Eastern Ranges claim TAC Cup premiership
The Eastern Ranges have marched to their first TAC Cup premiership since 2002 after dispatching the Dandenong Stingrays today, writes David O'Neill.
An almost complete performance by the Ranges finished in a commanding 112-point victory, capping an amazing transformation after struggling to win a game in 2012.
A dominant first half set up a 49-point lead at the main break before the Ranges celebrated their triumph with a 10-goal-to-two final term.
The Stingrays, usually so precise by foot, made error after error to prove no match for a hard-running Eastern side.
While Daniel Capiron (20 disposals) and Billy Hartung (22 and two goals) tried their best to stop the Ranges’ charge, they were ultimately overwhelmed by a side hell-bent on premiership glory.
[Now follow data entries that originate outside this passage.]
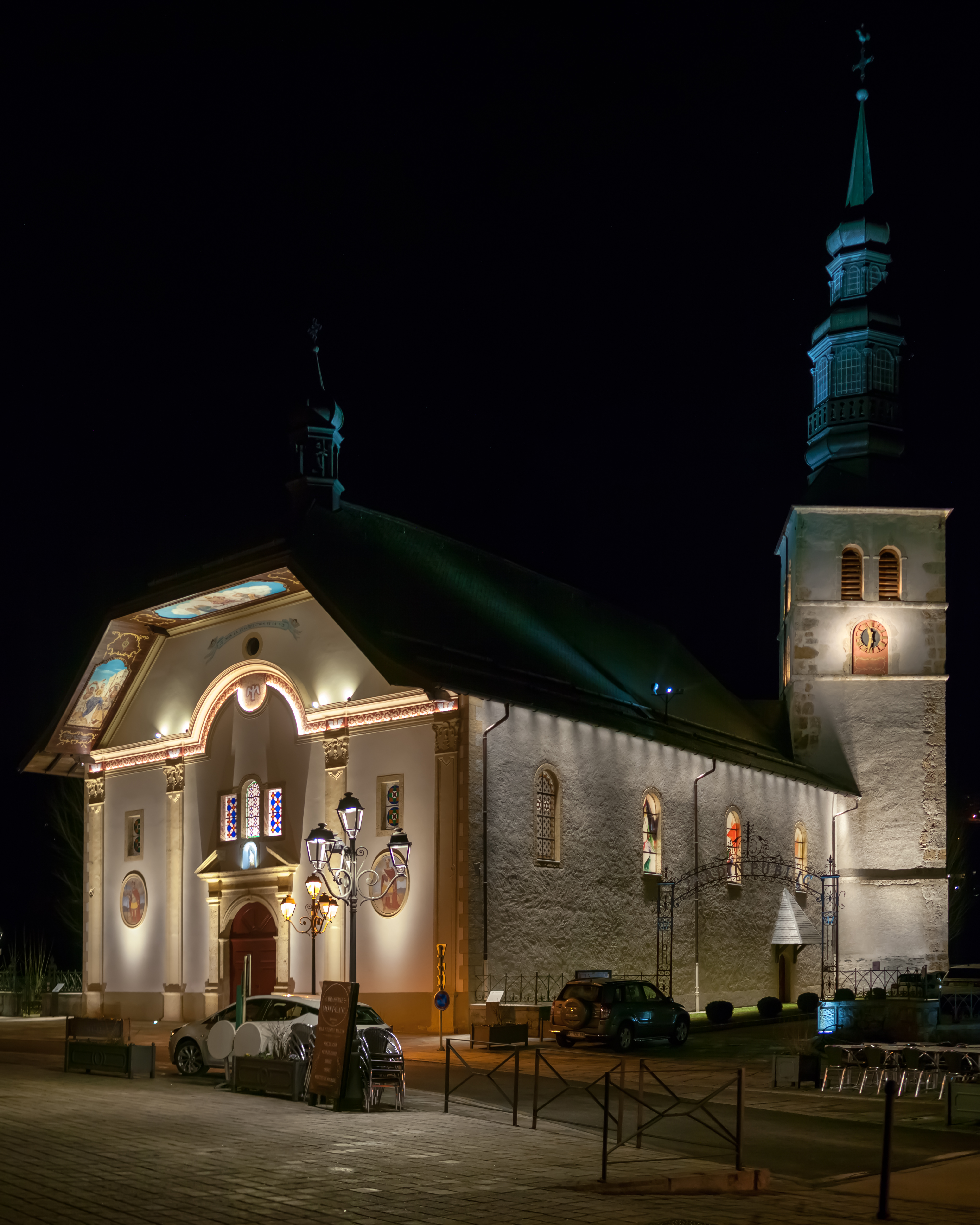 Gervasius church in Saint-Gervais-les-Bains at night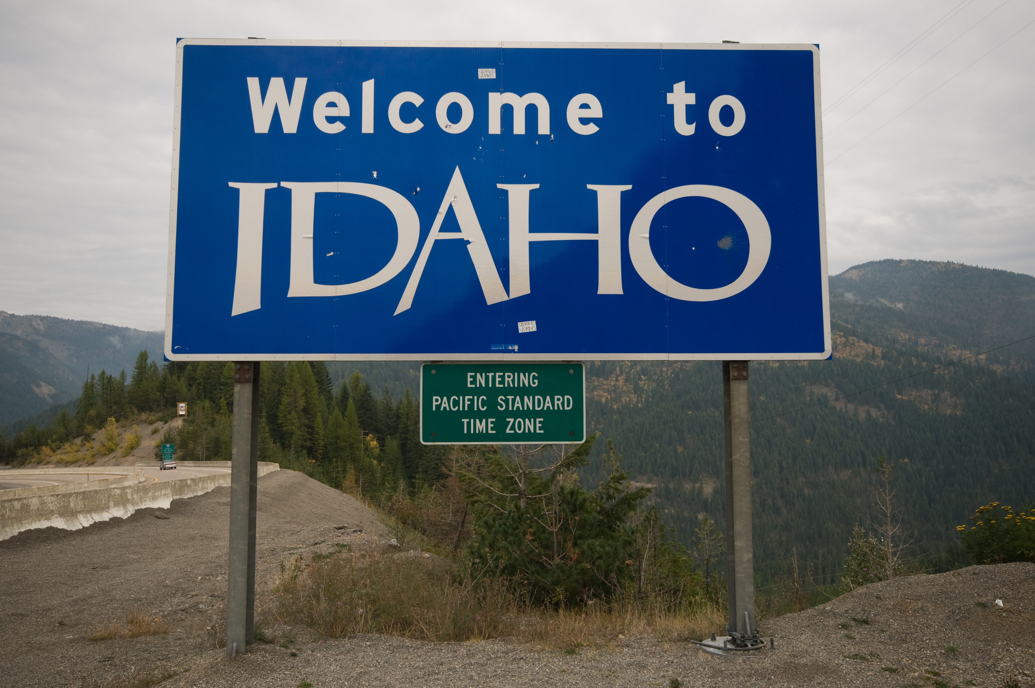 "Welcome to Idaho" sign along I-90 at the border with Montana.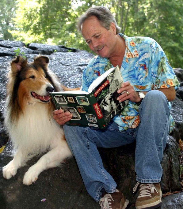 Jon Provost reads his book " Timmy in the Well " to a Rough Collie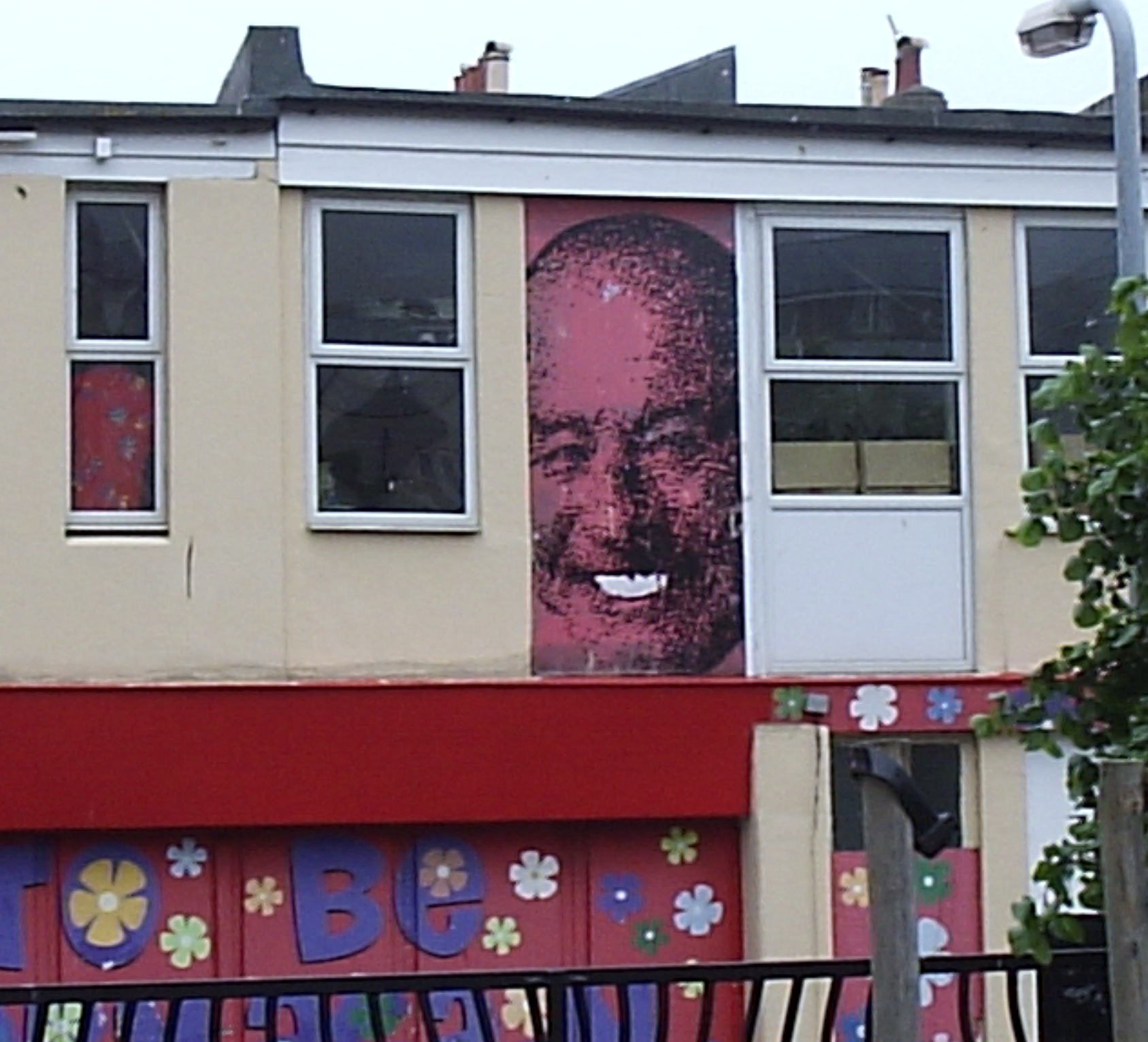 Image of the British comedian Mike Reid on the façade of a house in Brighton, UK.

Morrish medallist and Ranges skipper Ben Cavarra added a TAC Cup Grand Final best-on-ground honour to his list of accolades after running riot with 30 disposals.
His ability to find the ball in close and use it on the outside was one of the features of the Ranges’ win, but he certainly wasn’t alone.
Cavarra was well supported by the work of hard-nut Jordan Walker (26) and the versatile trio of Connor O’Sullivan (22), Christian Petracca (21 and two goals) and Daniel McStay (18 and seven marks).
Returning stars Tom Boyd (four goals) and Mitch Honeychurch (three), along with Matt Traynor (three), Daniel Welsh (three) and Micahel Apenes (two) kept the scoreboard ticking over.
After much speculation about his fitness, Boyd took his place in the starting 22 and proved the difference in the opening term.
He bagged three before quarter time as the Ranges took control of the contest.
A 16-point lead at the first break was well deserved after showing none of the nerves that were seemingly strangling their opponents.
Despite spending plenty of time in possession, the Stingrays’ poor kicking saw countless forward forays squandered.
The men in yellow and black had little to hang their hats on with small forward Clay McCartney providing their only goal of the first half.
After kicking into the man on the mark, McCartney regathered tight on the boundary and threaded one from the behind post.
But apart from some fine defensive efforts from Capiron, it was the Ranges who impressed most.
Concerned by Boyd’s extra height, the Stingrays’ under-sized defence twice gave away free kicks to the 199cm giant, allowing him to return from an ankle injury in style.
Things only got worse for the Stingrays in the second term as the Ranges put the foot down.
Two 50m penalties and a clever snap saw Welsh finish the quarter with three goals of his own and his team with a 49-point advantage.
If the Stingrays were hoping for a form reversal in the second half they were soon on the back foot when Honeychurch and Petracca bagged the first two goals of the third term.
Finally after 11 unanswered majors, the Stingrays hit back with two in a row, both to the tireless Hartung.
But any plans of a fight back were soon scrapped when Jacob Crowe steadied on his left to goal and regain the ascendancy for the Ranges.
Despite Boyd shanking a set shot after the three quarter time siren, his side remained in control, 64-points ahead.
The flood gates quickly opened in the final term as the Ranges put a full stop on a stellar season with some of their best football of the year.
Boyd, after being well held for the middle two quarters, found his rhythm again, while Traynor made the most of his chances at the big man’s feet.
The 112-point margin may not have told the full of story of the difference between the two sides but it did prove the victory emphatic.
The Ranges now have two TAC Cup premierships to their name, while the trophy cabinet at the Stingrays remains bare.